== Source information

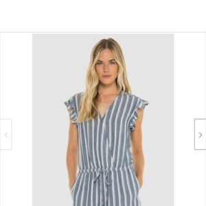 Cloth & Stone M linen blend blue & white striped romper. Plunging V-neck w/pocks
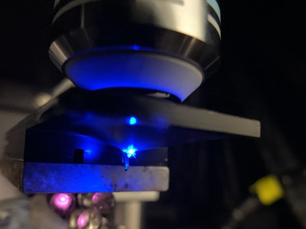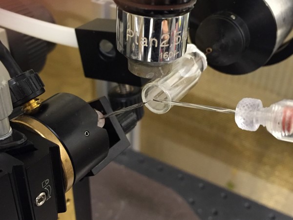 A mosquito tethered to the underside of a microscope stage for calcium imaging of its antenna lobe. Credit: Kiley Riffell
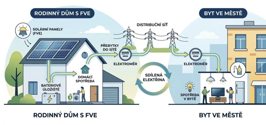 Představte si, že vaše elektrárna na střeše chalupy vyrábí v poledne maximum, ale vy nejste doma. Tyto přebytky si jednoduše „pošlete“ do svého bytu ve městě nebo je darujete/prodáte sousedovi. V místě spotřeby pak můžete mít silovou elektřinu zdarma (platíte pouze regulované poplatky za distribuci).
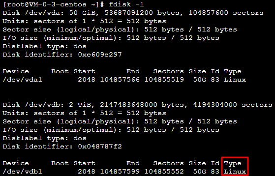 Here, 2048s indicates the initial disk capacity, and 100% indicates the maximum disk capacity. This is for reference only. You can choose the number of disk partitions and their capacities based on your business needs.p and press Enter to check whether the partition has been replaced successfully. If the following result is shown, the replacement is successful:
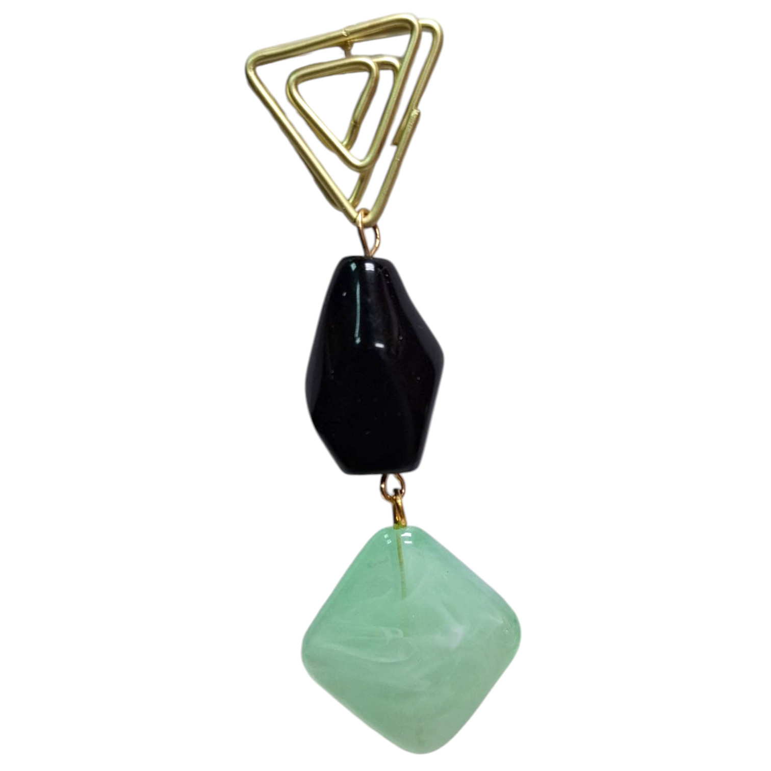 Pendientes de flamenca verde agua y negro largos elaborados artesanalmente en Sevilla, diseñados para realzar tu traje de flamenca en la Feria de Abril, romerías y eventos tradicionales. Su estilo con formas geométricas y acabado en tono dorado aporta luminosidad, elegancia y un toque sofisticado a cualquier look flamenco.
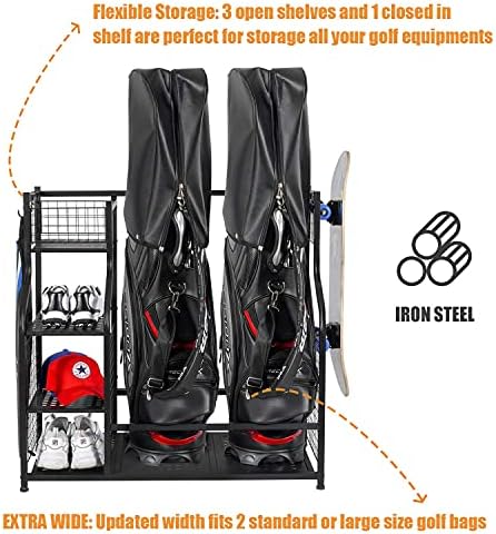 PLKOW Golf Bag Storage Garage Organizer, Fit for 2 Golf Bags and Golf Accessories, Extra Large Size Golf Bag Storage Stand and Golf Equipment Rack for Garage,Shed, Basement
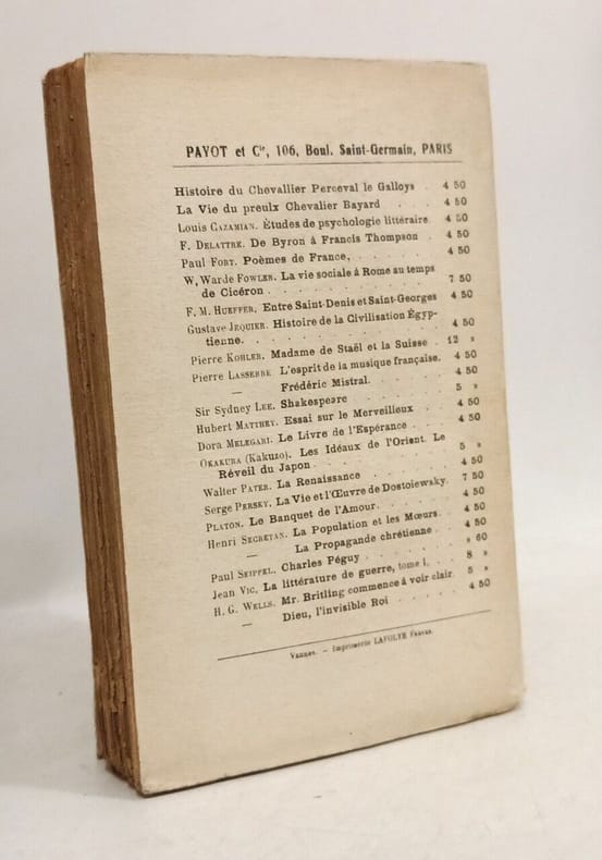 Paris Payot 1918 1 vol. relié 3 textes reliés en un fort in-12, demi-chagrin havane, dos à nerfs, caissons ornés de fleurons dorés, 249, 195 et 230 pp. Bon exemplaire, bien établi. Coiffes légèrement frottées, sinon reliure agréable.
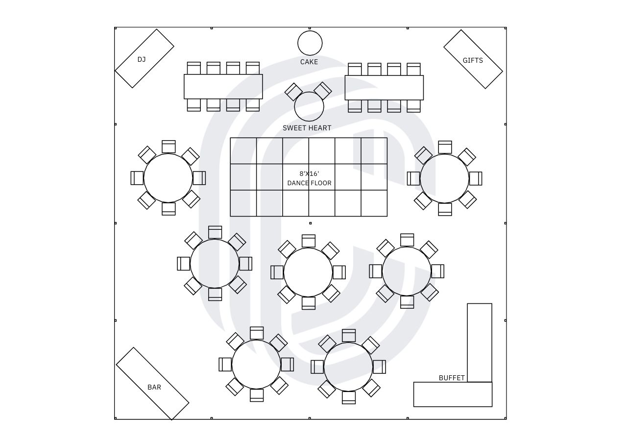 40′ by 40′ Tent Layout for a 74 Guest Wedding
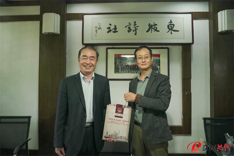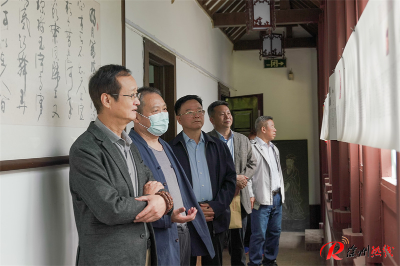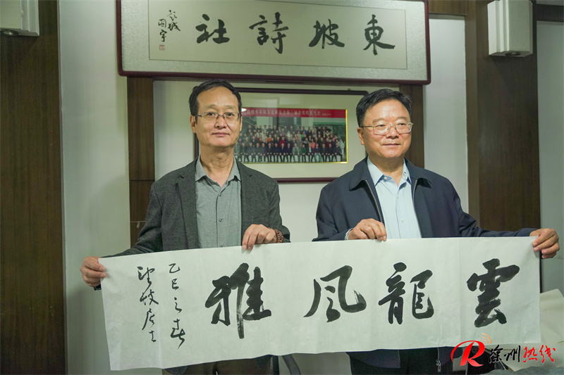 在陈新生会长陪同下,李景新教授参观了"千古风流苏徐州"主题文化展和东坡画廊"常德怀海"书画展,重点考察了苏轼知徐州年谱长卷等研究成果,对徐州苏学研究的深度和扎实的工作非常赞赏。
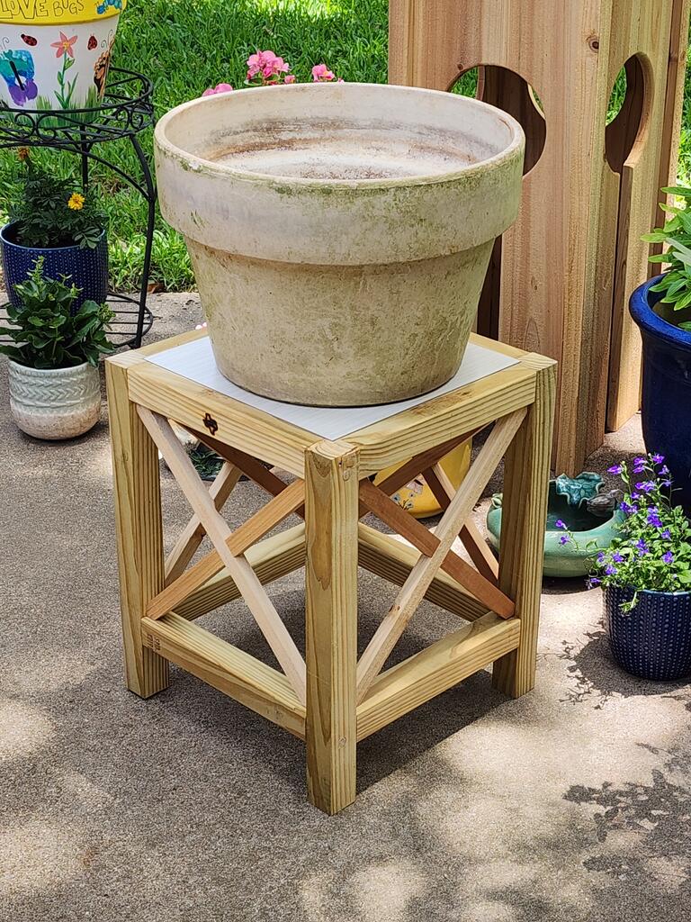 Made another planter stand, This one from treated pine 2x4 ripped to 2x2 and using pocket screws. And a ceramic floor tile sample rabbeted into the top.
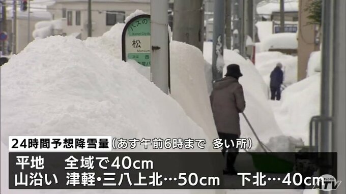 青森市で今冬初の積雪1メートル超え 強い冬型の気圧配置で青森県内降雪続く 2024年12月29日(日) 13:11 国内 青森県内は連日の降雪で青森市では29日、積雪がこの冬初めて1メートルを超えました。 強い冬型の気圧配置などにより県内は各地で断続的に雪が降り、現在全域に大雪と着雪注意報が出ています。※倉島彩能記者「午前…
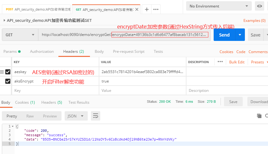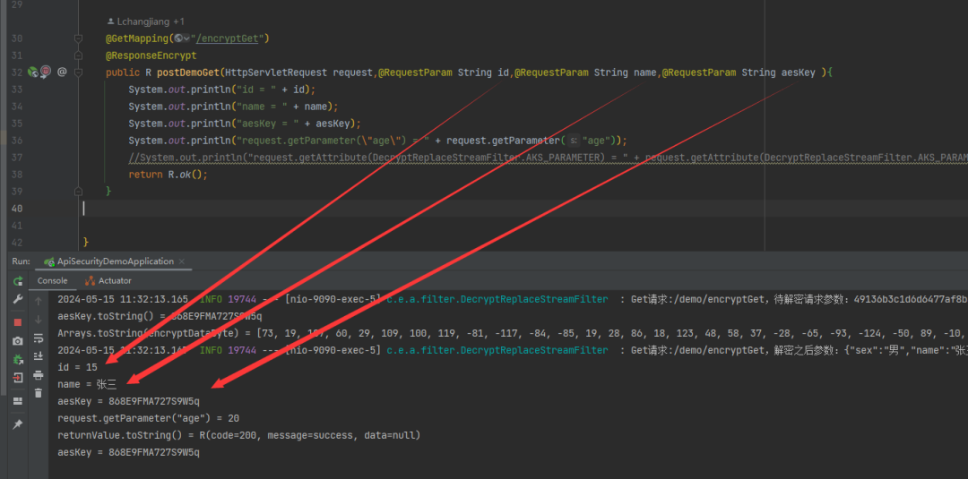 可以看出 请求数据解密后,通过 RequestWrapper重新封装后的请求数据,能直接通过@RequestParam等注解直接获取到Get请求中的数据。同时也可以通过 request.getParameter()中存放的参数。

====

▶ [Task objective]: Reproduce exactly and only the lines from the "Here, 2048s indicates" line to the last line of the records above. Do not carry over any pictures.

▶ [Solution to this problem]:
 Here, 2048s indicates the initial disk capacity, and 100% indicates the maximum disk capacity. This is for reference only. You can choose the number of disk partitions and their capacities based on your business needs.p and press Enter to check whether the partition has been replaced successfully. If the following result is shown, the replacement is successful:
 Pendientes de flamenca verde agua y negro largos elaborados artesanalmente en Sevilla, diseñados para realzar tu traje de flamenca en la Feria de Abril, romerías y eventos tradicionales. Su estilo con formas geométricas y acabado en tono dorado aporta luminosidad, elegancia y un toque sofisticado a cualquier look flamenco.
 PLKOW Golf Bag Storage Garage Organizer, Fit for 2 Golf Bags and Golf Accessories, Extra Large Size Golf Bag Storage Stand and Golf Equipment Rack for Garage,Shed, Basement
 Paris Payot 1918 1 vol. relié 3 textes reliés en un fort in-12, demi-chagrin havane, dos à nerfs, caissons ornés de fleurons dorés, 249, 195 et 230 pp. Bon exemplaire, bien établi. Coiffes légèrement frottées, sinon reliure agréable.
 40′ by 40′ Tent Layout for a 74 Guest Wedding
 在陈新生会长陪同下,李景新教授参观了"千古风流苏徐州"主题文化展和东坡画廊"常德怀海"书画展,重点考察了苏轼知徐州年谱长卷等研究成果,对徐州苏学研究的深度和扎实的工作非常赞赏。
 Made another planter stand, This one from treated pine 2x4 ripped to 2x2 and using pocket screws. And a ceramic floor tile sample rabbeted into the top.
 青森市で今冬初の積雪1メートル超え 強い冬型の気圧配置で青森県内降雪続く 2024年12月29日(日) 13:11 国内 青森県内は連日の降雪で青森市では29日、積雪がこの冬初めて1メートルを超えました。 強い冬型の気圧配置などにより県内は各地で断続的に雪が降り、現在全域に大雪と着雪注意報が出ています。※倉島彩能記者「午前…
 可以看出 请求数据解密后,通过 RequestWrapper重新封装后的请求数据,能直接通过@RequestParam等注解直接获取到Get请求中的数据。同时也可以通过 request.getParameter()中存放的参数。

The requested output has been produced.